Below are some records; quote exactly the lines from the one that contains "Boneka liontin kepala" through the one that contains "A tan leather", inclusive, and no others.

-- Task data follows --

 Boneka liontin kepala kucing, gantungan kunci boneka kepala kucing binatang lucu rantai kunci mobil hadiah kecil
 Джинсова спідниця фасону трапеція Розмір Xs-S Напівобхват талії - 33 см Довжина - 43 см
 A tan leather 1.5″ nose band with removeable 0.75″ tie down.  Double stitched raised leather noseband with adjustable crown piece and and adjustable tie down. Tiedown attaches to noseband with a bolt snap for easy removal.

-- Task data concluded --
-- Task data follows --

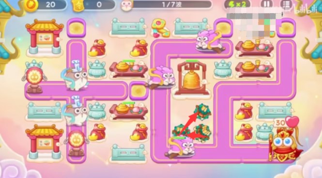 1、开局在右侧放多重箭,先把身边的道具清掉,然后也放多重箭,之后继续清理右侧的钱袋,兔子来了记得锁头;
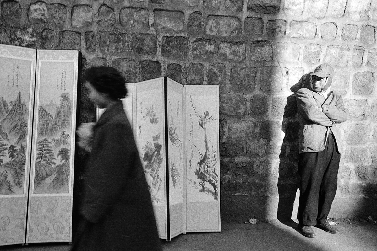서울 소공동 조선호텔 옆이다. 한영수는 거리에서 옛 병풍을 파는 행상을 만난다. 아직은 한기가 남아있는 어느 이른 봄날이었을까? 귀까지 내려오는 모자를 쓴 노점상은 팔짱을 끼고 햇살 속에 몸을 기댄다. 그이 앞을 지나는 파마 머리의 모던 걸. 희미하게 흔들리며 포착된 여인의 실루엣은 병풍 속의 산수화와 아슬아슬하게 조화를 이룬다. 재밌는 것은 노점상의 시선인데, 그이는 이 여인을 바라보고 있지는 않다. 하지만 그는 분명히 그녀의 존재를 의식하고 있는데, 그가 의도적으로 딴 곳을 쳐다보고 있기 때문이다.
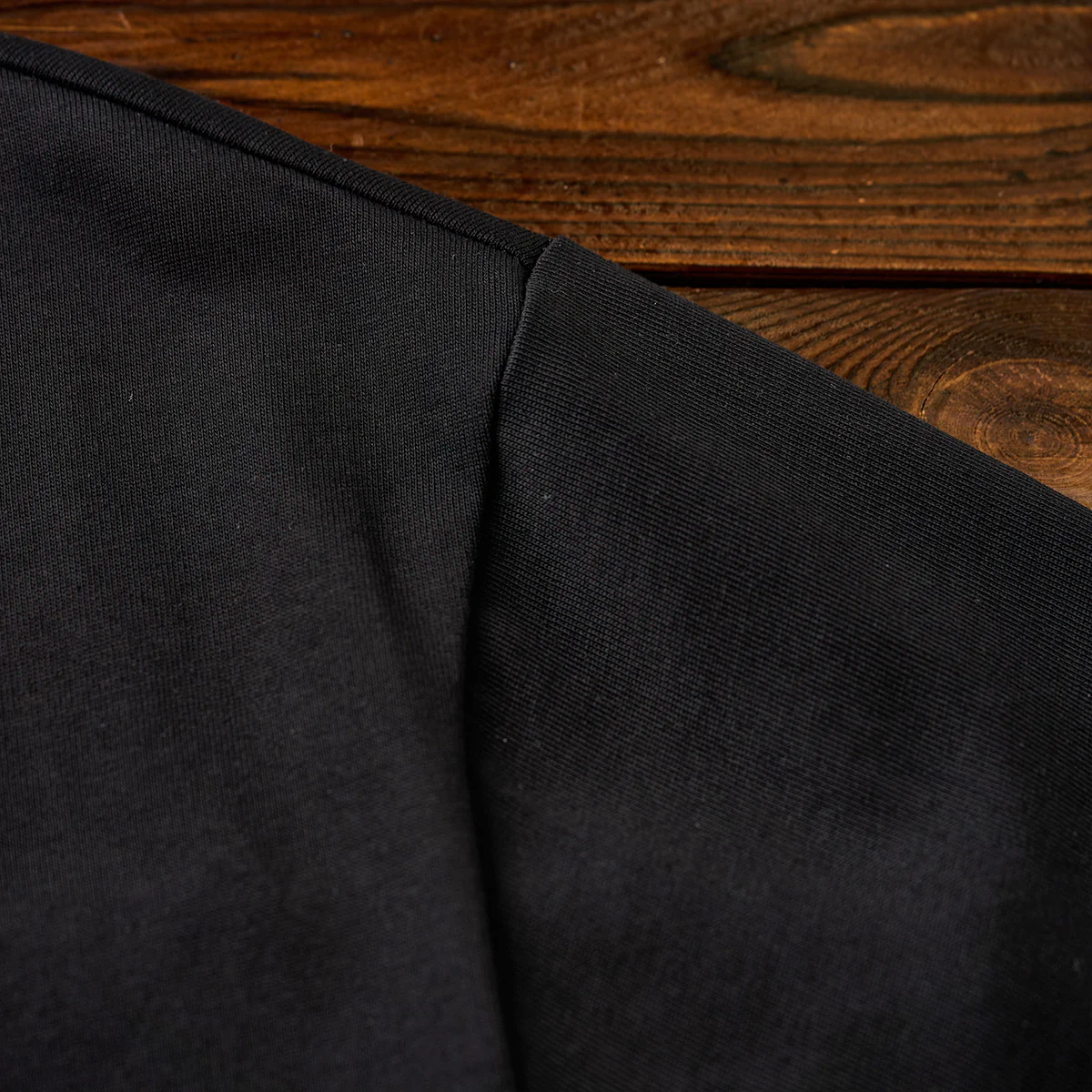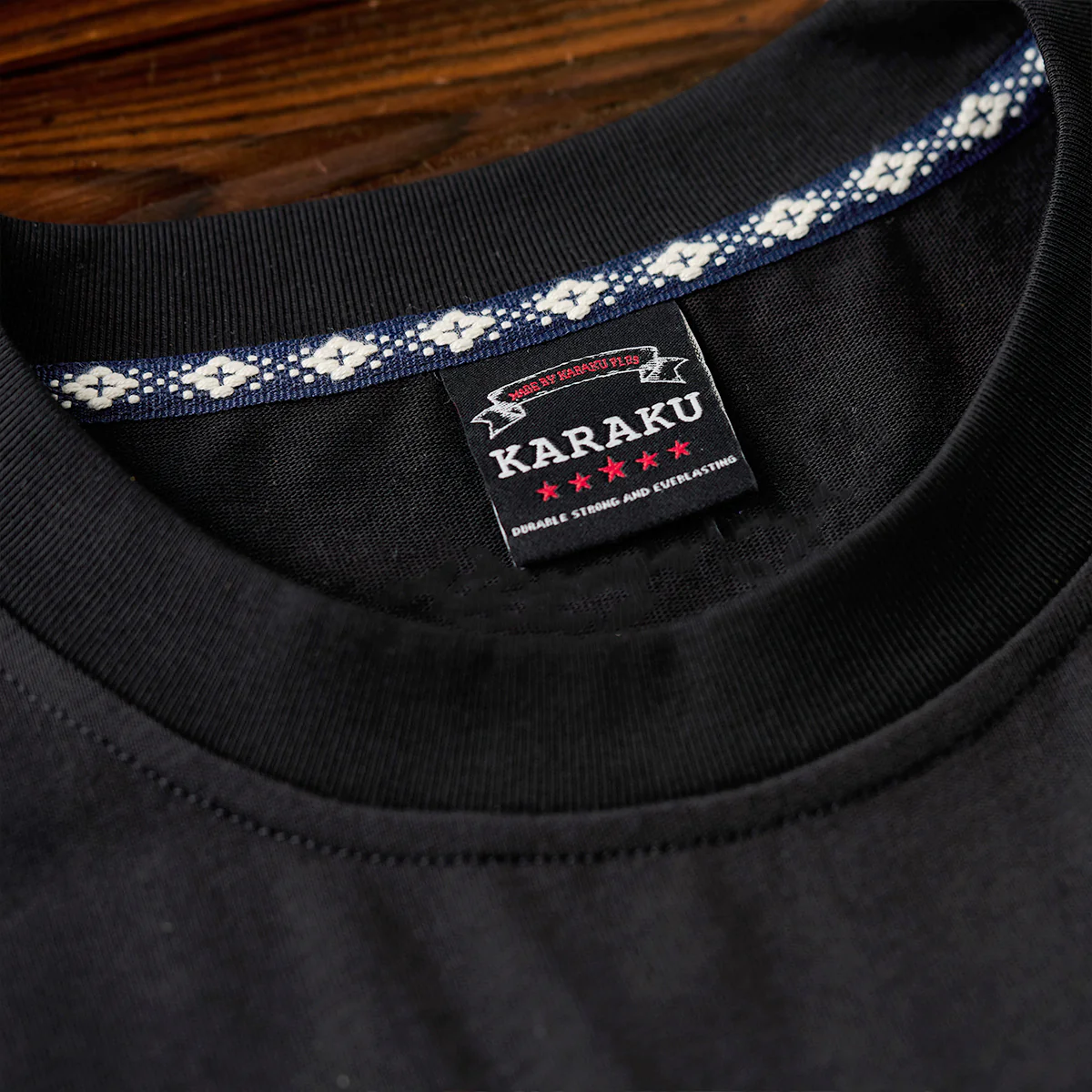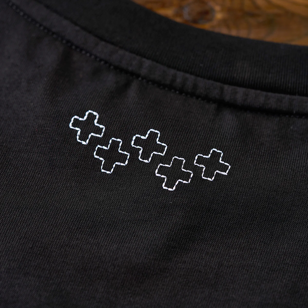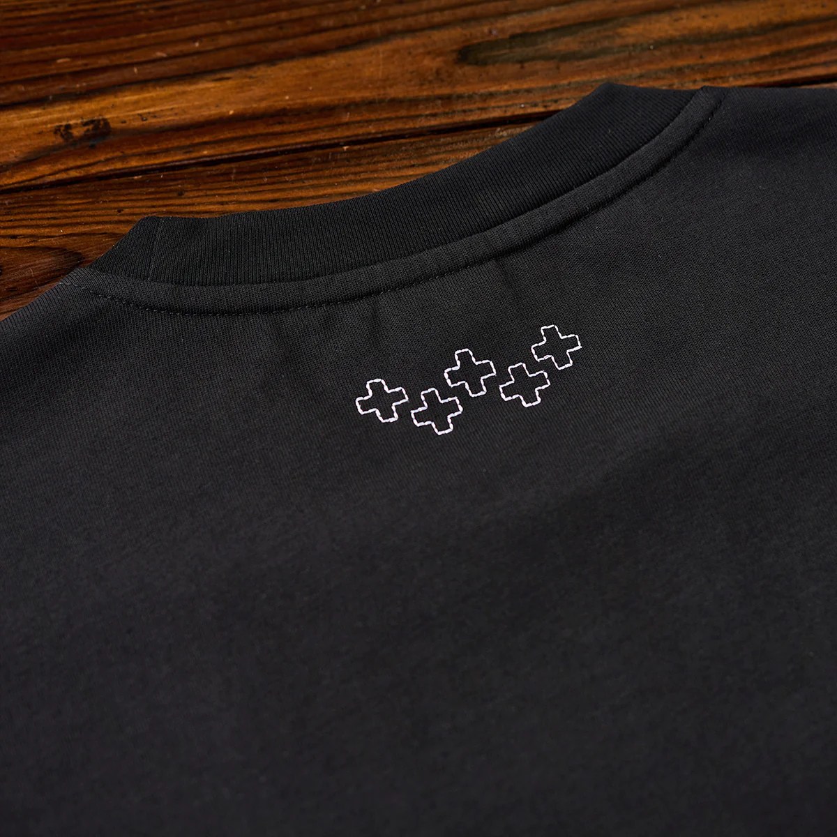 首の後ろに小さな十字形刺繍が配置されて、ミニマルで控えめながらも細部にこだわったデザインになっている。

-- Task data concluded --

§ **Task answer**:
 Boneka liontin kepala kucing, gantungan kunci boneka kepala kucing binatang lucu rantai kunci mobil hadiah kecil
 Джинсова спідниця фасону трапеція Розмір Xs-S Напівобхват талії - 33 см Довжина - 43 см
 A tan leather 1.5″ nose band with removeable 0.75″ tie down.  Double stitched raised leather noseband with adjustable crown piece and and adjustable tie down. Tiedown attaches to noseband with a bolt snap for easy removal.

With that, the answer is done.